It is my own insecurity in that I find myself thinking..is he thinking of her/does he have a thing for asian women now...crazy thoughts that I hate thinking but they happen. The worse is when it is a caucasian guy and an asian female...shudder just thinking about it.

I suppose if she had been a blond/red head, etc. the same type of triggers would be occuring.


----------



## JustMe321 (May 9, 2012)

Those triggers just come out from nowhere. I think I'm fine, we are almost 18 months out and in R...but then bam, there it is.

Was watching one of those real life crime TV shows where they interview those invovled and the woman accused of the crime (who they kept coming back to and interviewing) looked a lot like the OW. The show was about how she was accused of being involved in the death of her husband...after having an affair. The funny part? The affair aspect didn't trigger me at all. In fact, it didn't even phase me - but when I saw her face, I recoiled.

My WH was sitting there and saw my reaction and assumed it was because of the subject matter. I just shook my head. How could he not see what I saw? When I finally told him, hours later, he was shocked and confused. He didn't see it. He is so much further along than I am. He doesn't think about this at all anymore.

Anyway - yes, those ugly thoughts don't seem to ever completely go away. And if you want R, all we can do is push past those moments in time and keep going.


----------



## Jellybeans (Mar 8, 2011)

canttrustu said:


> STill having nightmares-EVERY night. Im hoping those end soon. I feel for ya. Good luck.


We divorced and I still wake up from nightmares about it. Not trying to make you feel worse but, just know that you aren't alone and that it still happens even if the marriage wasn't reconciled/restored. I can relate.


----------



## jinba (Apr 26, 2012)

Thanks to all of you for your posts - at least I know I'm not losing it when the "uglies" come - even though it feels that way when they hit.


----------



## cantthinkstraight (May 6, 2012)

Triggers are the worst.

When I fold the laundry, I wonder if those were the panties she wore for him.

When I hear her phone buzz, I wonder if it's him texting her.

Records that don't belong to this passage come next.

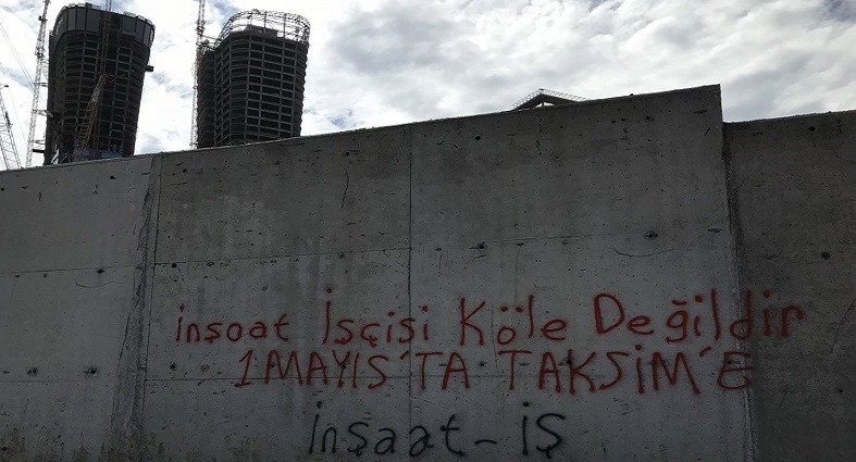 İnşaat-İş Finans Şehir şantiyesinin birçok noktasında yaptığı yazılamalarla işçileri 1 Mayıs’ta alanlara, Taksim’e davet etti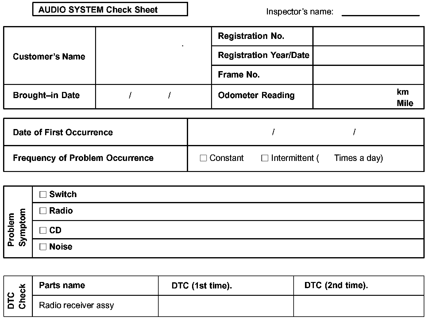 Audio System Check Sheet:
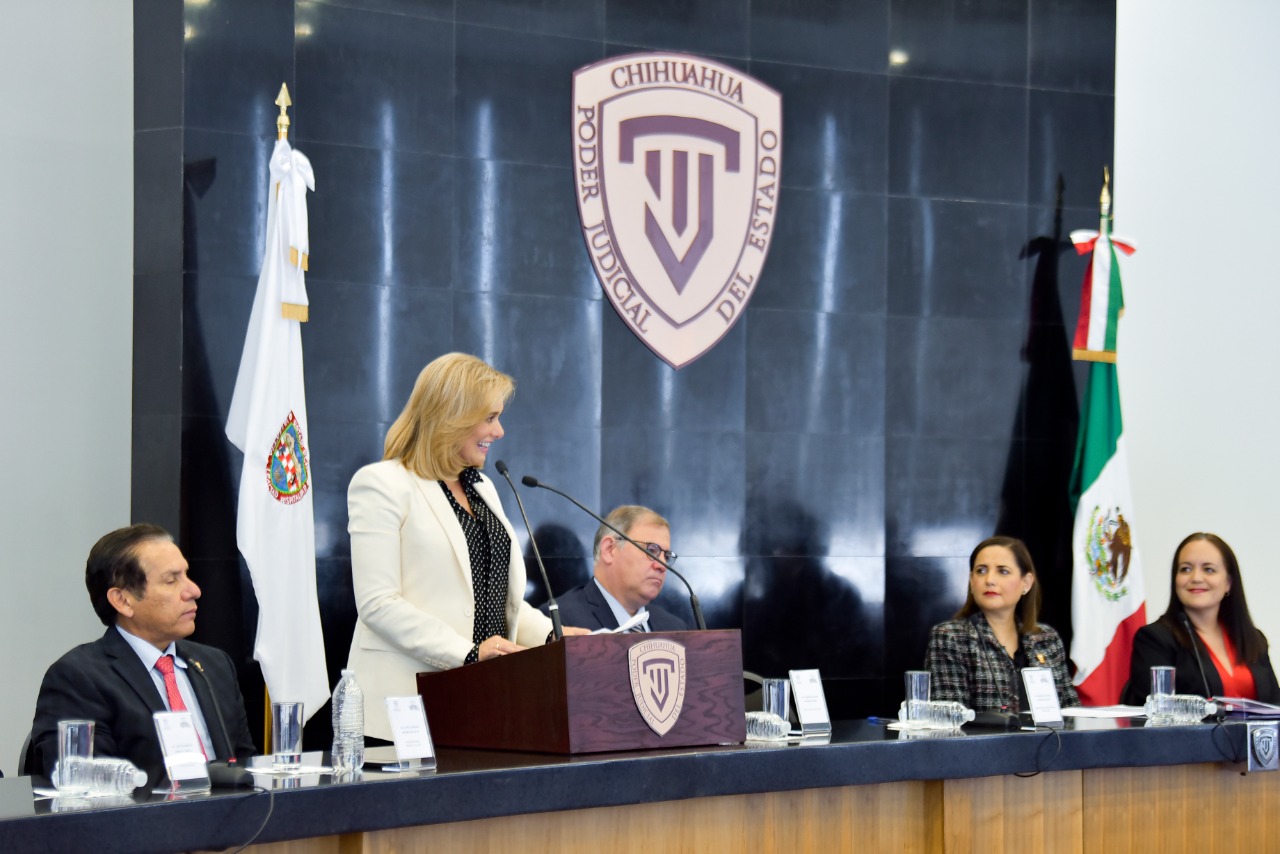 La gobernadora Maru Campos destacó que ahora se cosecha el trabajo de los homenajeados y expresó su reconocimiento a los expresidentes del tribunal, enfatizó que el Estado de Derecho se mantiene por un ideal de justicia de los tres poderes: ejecutivo, legislativo y judicial.

When I see other happy families in the neighborhood, I think "I bet she didn't cheat on her husband".

When my wife works out, I stare and wonder how he had his paws all over her.


Yes, those are just a few off the top of my head.

Day to day is all you can do. Find something productive to do
when this happens. Lift weights, go for a walk or jog, play some
video games and shoot zombies in the face... Anything to get
your mind from f*cking with itself.

It's hard - I know. I'm living it too....


----------



## cantthinkstraight (May 6, 2012)

Case in point. 

I had a great day at work today.

I feel perfect on my way in. Stay productive and
have a good relationship with my co-workers.

Some know of my wife's affair and try a little harder
to keep a smile on my face. I do appreciate it.

However, on the way home, traffic slowed down and
I started thinking of the OM. The closer I got to home,
the more I thought about how I would interact with my wife.

I got bummed out a little bit. No reason. Just stray thoughts.

Every day is different.


----------



## jinba (Apr 26, 2012)

"Stray thoughts" ... exactly! I expect triggers to happen when I see the OW somewhere or hear her name, but the random ones that take me by surprise are hard to deal with. It's like someone just opens up the flood gates and everything rushes into my head.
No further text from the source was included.